WP7: Validation and Dissemination
Test and validation studies, scientific publications and dissemination are all included and a strategic part of the DoMore! project.
When working with machine learning and deep learning, a proper predefined experimental design is crucial to ensure reliable results that are replicable in other labs. The experimental design for most of our projects is based on three main steps; learning, testing and validation, where each step usually employ independent data. Independence is of particular importance in the final validation studies. Ideally, these should be performed in an external lab, but this is in most cases not practically possible, and there are unfortunately very few replication studies published in science.
The Histotyping method (WP2) has been tested on a dataset produced externally, to ensure that the method is invariant to technical artefacts from the preparation of images. We have used multiple scanners to ensure invariance to technical artefacts in any given scanner. The final validation of Histotyping in colorectal cancers will be performed on tissue sections from more than 1000 patients with either stage II or stage III disease from a well described international clinical trial (Quasar 2).
For the methods developed in WP3, tumour delineation and nuclear segmentation, a design with an independent validation study is challenging because an objective ground truth is not available. It is in practice only possible to objectively assess to what extent the automatic segmentation equals the subjective segmentation defined by trained personnel. The final validation of each method in WP3 will therefore be empirically based on the validation studies where the methods are used, i.e., if Histotyping is successfully validated, so is the tumour delineation, as it was used to define the tumour areas to be analysed in Histotyping.
In WP4 we have several very different methods and employ slightly different experimental designs, but again use the three-step setup learning-testing-validation. For ploidy/stroma and Nucleotyping, the validation is explained and discussed in detail in the published papers (see next page).
The automated Gleason grading method, which is based on the established grading system developed by Gleason, is evaluated by comparing with results from several specialised uropathologists. The main challenge here is that there is a relatively high inter-observer variation. Our method do very well when we compare to those cases where the pathologists are in agreement, but one would have to argue that those cases might be the easier ones to grade. The final validation study will therefore be based on the actual outcome of the patients in a new cohort. The challenge in doing so is partly the tumour heterogeneity and partly that the clinical outcome of a prostate cancer patient is not known until 10-15 years after treatment. The validation cohort for this project is yet not defined.
For mitotic index, we have used a public material for learning, and the trained model has been independently tested in a cohort of uterine sarcomas, where we also have manual mitotic counting for comparison. The test is however on the outcome of the patient. We are currently seeking an external material for the final validation, which might be a breast cancer cohort, as this is a cancer type where mitotic index is already implemented in clinical routine.
We have so far published 9 papers from the DoMore! project and another 8 related papers are published by DoMore! partners during these first half of the project. Our studies have been well received by biomedical journals with a mean impact of 12.4, which we find very satisfactory.
A further 5 manuscripts have recently been submitted for publication.
The overall strategic goal for the DoMore! project’s communication has been to increase awareness about AI among both professionals as the general public.

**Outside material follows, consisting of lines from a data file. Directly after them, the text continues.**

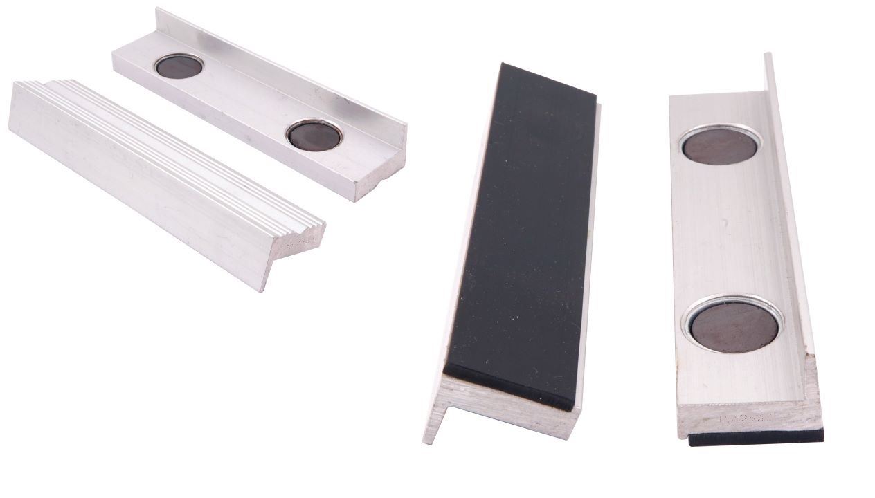 The 5 x 1-1/8" aluminum soft vise jaws with magnets are constructed from a hardened aluminum alloy with two built-in circular permanent magnets on the backside which holds the workpiece securely to the vise.
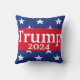 Cet oreiller patriotique et décoratif à jetons présente un design arrière - plan d'étoiles blanches sur un bleu foncé, tout comme les étoiles sur le drapeau américain. Le centre du coussin est orné d'un arrière - plan rouge avec l'expression "Trump 2024" imprimée en blanc.
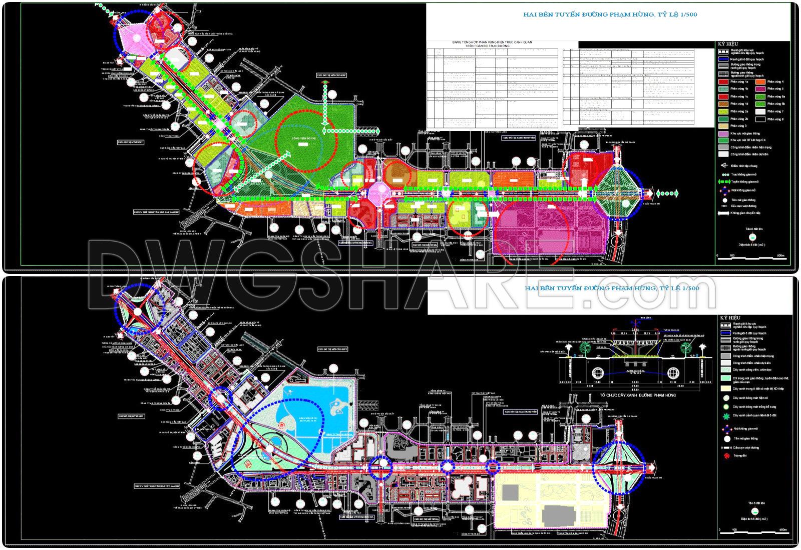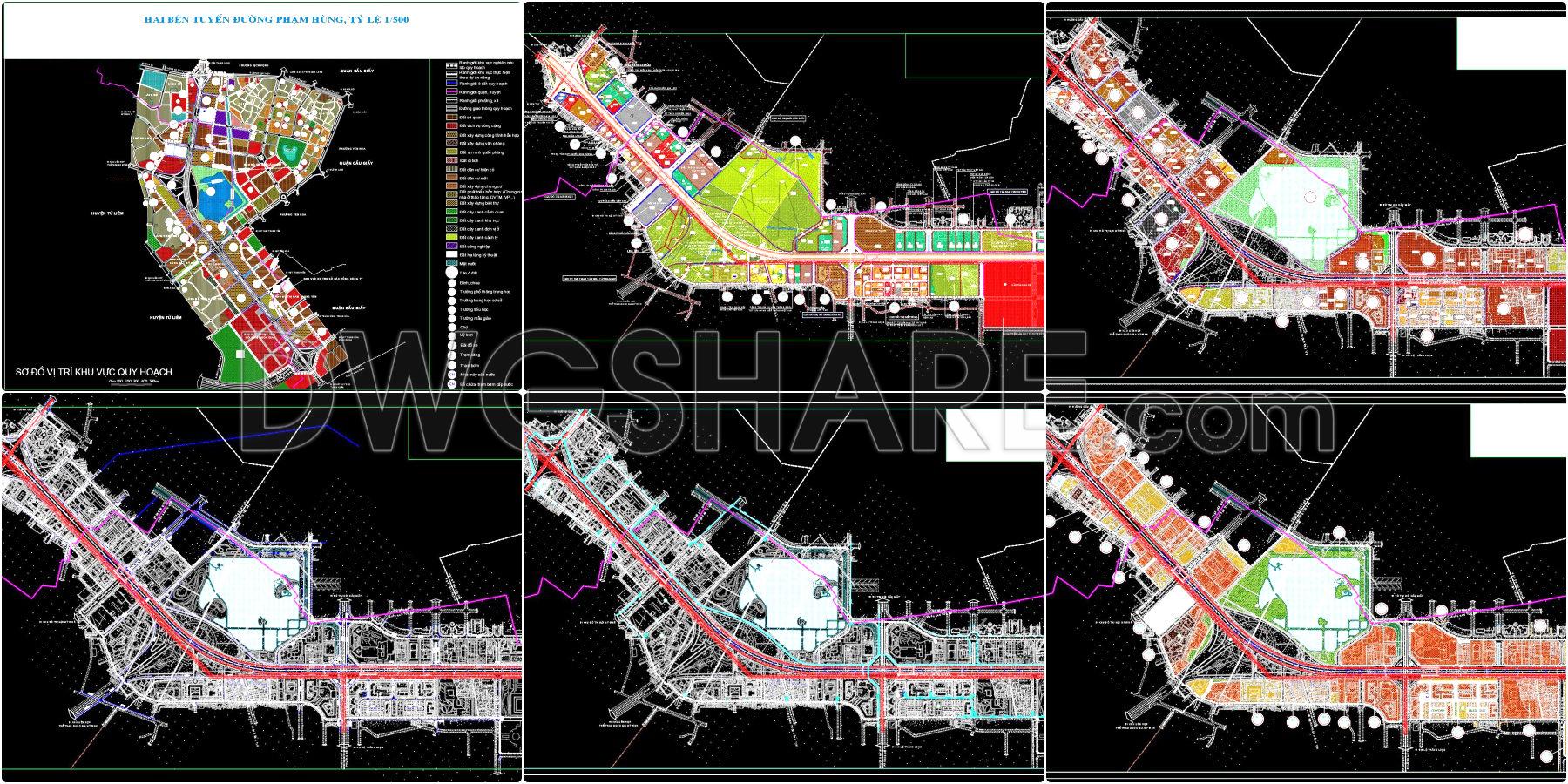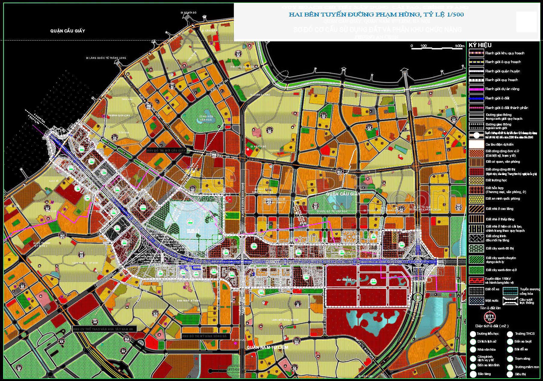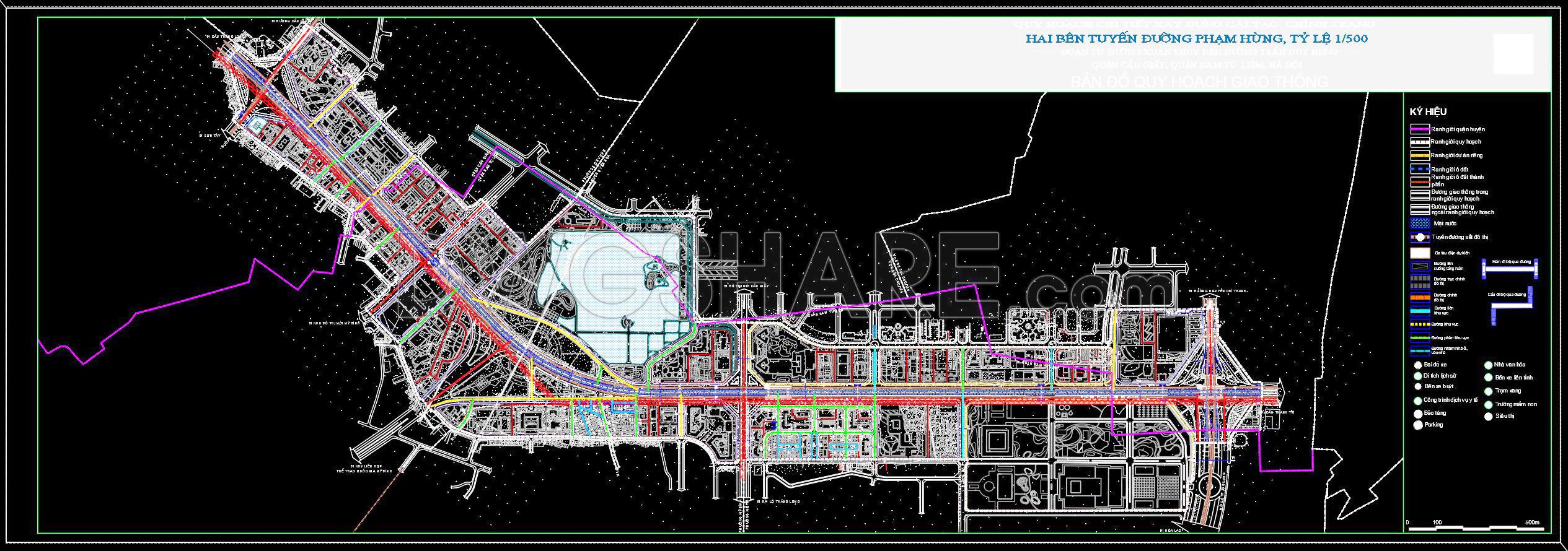 The CAD drawing illustrates the transportation planning on both sides of Pham Hung Road at a 1/500 scale. The map uses a detailed system of colors and symbols to define planning boundaries, land plots, and protection corridors for infrastructure such as electricity, water, drainage, and communication lines. Existing, planned, and proposed roads are clearly marked, along with traffic structures like roundabouts, underpasses, and overpasses. Additionally, the map displays routes for buses, subways, urban railways, and national railways.

Through active promotion efforts towards journalists and editors in the top Norwegian newsrooms, the unit has reached some of the country’s most important media. The results are among others a front-page report and a corresponding TV feature in VG, two front-page reports in Norwegian daily newspaper Dagbladet, a story on the Norwegian public broadcaster NRK’s website, and a mentioning on the cover of Aftenposten’s weekly A-Magasinet.
Raising the level of public knowledge
The amount of interest we have seen so far indicates that we have been successful with our strategic communication goals. More than close to 40 presentations and more 50 news reports in national and international media over the past two and a half years have helped to position DoMore! at the public forefront of Norwegian AI-based cancer research.
ICGI’s Unit for dissemination and visualization provides the communication strategy. The team of communicators consists of a designer, a 3D designer, a web developer, and a writer and are contributing to the dissemination of DoMore! through various platforms and media channels. In addition to the website, we have so far shared popularizations of our research on the Institute’s YouTube channel with close to 45,000 subscribers, on Facebook, Twitter and more recently also on Instagram.
To increase the efficiency of the outreach efforts, have we used press release tools such as the publication site Mynewsdesk and the media monitoring service Meltwater.
In the next years, we will continue to emphasize national and international media outreach, in addition to maintaining the activities we have described. Simultaneously, we will continue working towards increasing interest among national and international academic communities. We will also continue the work to establish and level an understanding for DoMore! in our own the hospital organisation, with future implementation in mind.